The competent authorities should also notify each other when there is reason to believe that the information included in a GloBE Information Return is not correct and requires adjustments. If the notified competent authority agrees that the information in the GloBE Information Return requires corrections, it shall take, without delay, appropriate measures to obtain such corrected information from the concerned UPE or designated filing entity. Such corrections should be exchanged without undue delay with all competent authorities for which such information is subject to exchange. At this stage, the DAC9 Proposal does not provide for any rule in case of disagreement by the notified competent authority or by the concerned UPE or designated filing entity on the adjustments/corrections to be made.
Penalties
According to the DAC9 Proposal, the penalties provided for non-compliance to the provisions of the proposal, once implemented, shall be effective, proportionate and dissuasive. Currently, in Luxembourg the penalties for non-compliance with the DAC rules amount, in principle, to a maximum of 250,000 Euros.
Implications
Without the DAC9 Proposal, each company that forms part of an MNE group has to file a GloBE Information Return in the jurisdiction where it is located, which can be time-consuming and complicated. Under the DAC9 Proposal, MNE groups located in various EU jurisdictions will only have to file one GloBE Information Return, at central level in one EU Member State, for the entire group. This proposal is thus welcome as it should in theory significantly simplify the filing process and reduce the administrative burden for European businesses. Under the DAC9
Proposal the reporting is only done once for the whole MNE, and the constituent entities are then exempted from filing reports themselves locally.

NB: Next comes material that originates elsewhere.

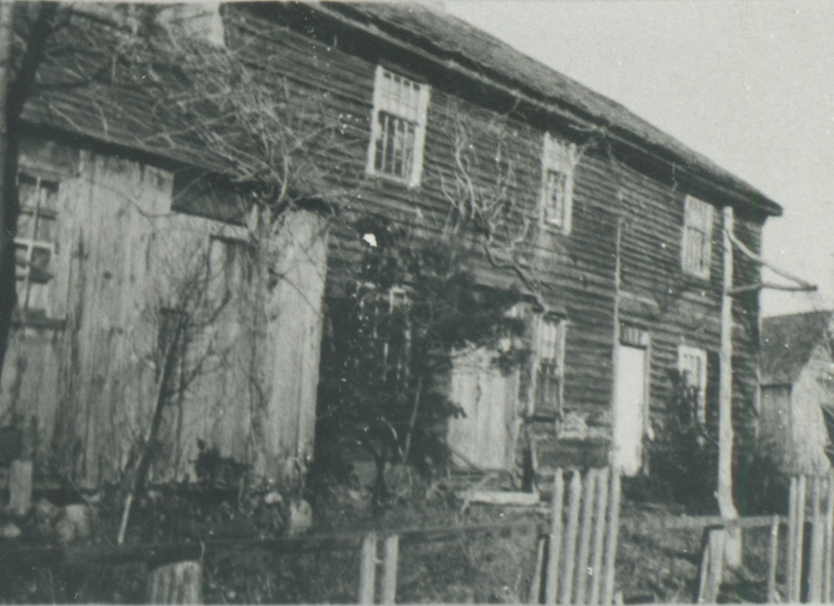 View of the Dominy house's fascade and (probable) addition of clock shop. The house is a lean-to style house formerly located on the west side of North Main Street (near corner of Cedar Street) in East Hampton, New York. It is thought to have been built in 1715 and was owned by three generations of the Dominy Family, beginning with Nathaniel Dominy in the late 18th century. The house was demolished in 1946.

However, this proposal raises a few questions. Indeed, it is unclear at this stage whether the central filing will be mandatory or optional, so that MNE groups can choose how they operate. It is also unclear what the local procedure will be in the Member States where the constituent entities are located for the taxation of these entities. It also seems that Member States will still be allowed to request local tax returns, despite central filing having been done by the UPE. Indeed, according to the Pillar Two Directive, information filed as part of the GloBE Information Return should allow the tax administrations where the constituent entities are located to evaluate the correctness of a constituent entity’s liability for the top-up tax or the QDMTT, as the case may be, by application of domestic procedures, including for filing of domestic tax returns. But in case of discrepancy between the local tax returns and the central filing, what will the dispute resolution procedure available to the assessed constituent entity that is taxed based on a GloBE Information Return filed in another Member State by another member of its MNE group be? It remains thus to be seen how the DAC9 Proposal will evolve over the European legislative process.
If and when formally adopted at unanimity by the EU Council, Member States will have to implement the DAC9 Proposal by 31 December 2025 at the latest.